LeetCode-022- Parentheses generated

Parentheses generates

The number n represents the logarithm that generates parentheses. Design a function that generates all possible and valid parentheses.

Examples can be found on the LeetCode website.

Source: LeetCode link: leetcode-cn.com/problems/ge… Copyright belongs to the Collar buckle network. Commercial reprint please contact official authorization, non-commercial reprint please indicate the source.

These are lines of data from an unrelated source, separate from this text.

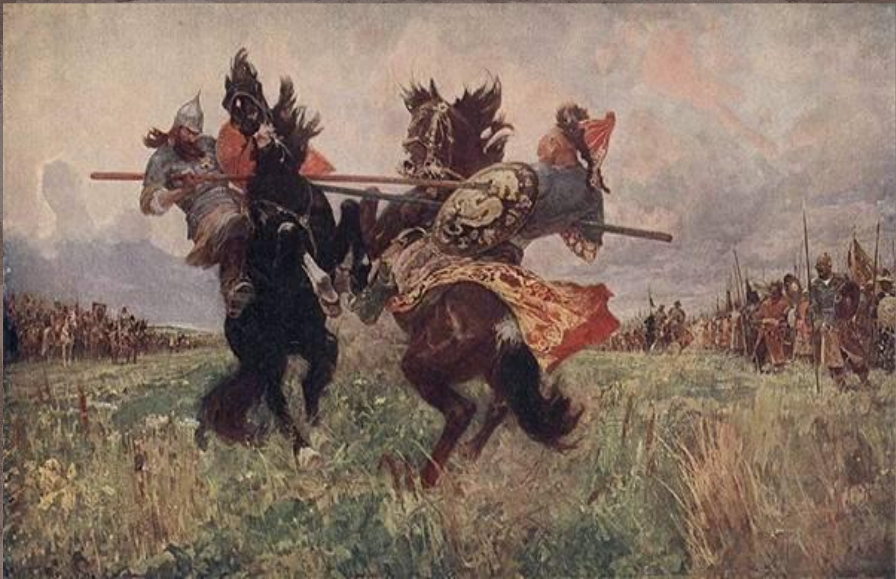
М.И. Авилов. "Бой Пересвета с Челубеем", 1943.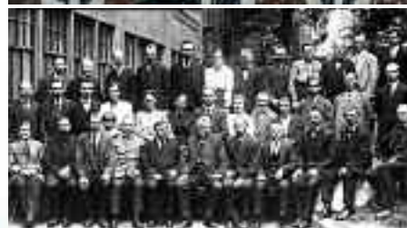
Сотрудники адвентистского издательства в г.Гамбурге, издававшего книги, журналы на русском языке в начале 20 века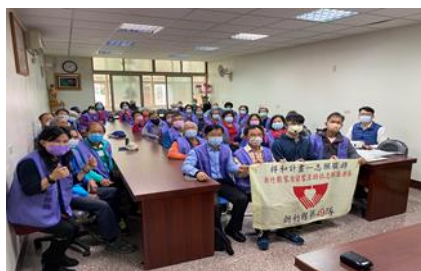
志工訓練全體合影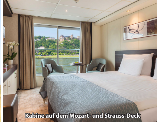
Kabine auf dem Mozart- und Strauss-Deck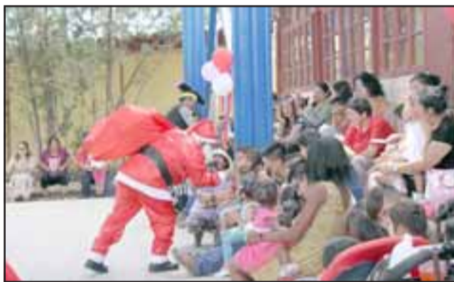
Toda la comunidad educativa participó de la fiesta de Navidad que trabajadores de Andina brindan cada año.

actividad. «Me parece súper bueno, la fiesta es preciosa y ya no hay cosas gratis y ellos además están regalando tiempo que están haciendo, porque».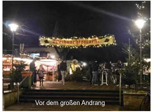
Vor dem großen Andrang

Solution 1: exhaustive method

Get all possible combinations recursively, then determine if each combination is a valid parenthesis combination, if so, add it to the result set, and finally return the matching result set.

Solution two: backtracking

The method is also recursive, but the next character can be determined by the number of left and right parentheses that have appeared. In this way, the final recursive result is a valid combination of parentheses, which is efficient.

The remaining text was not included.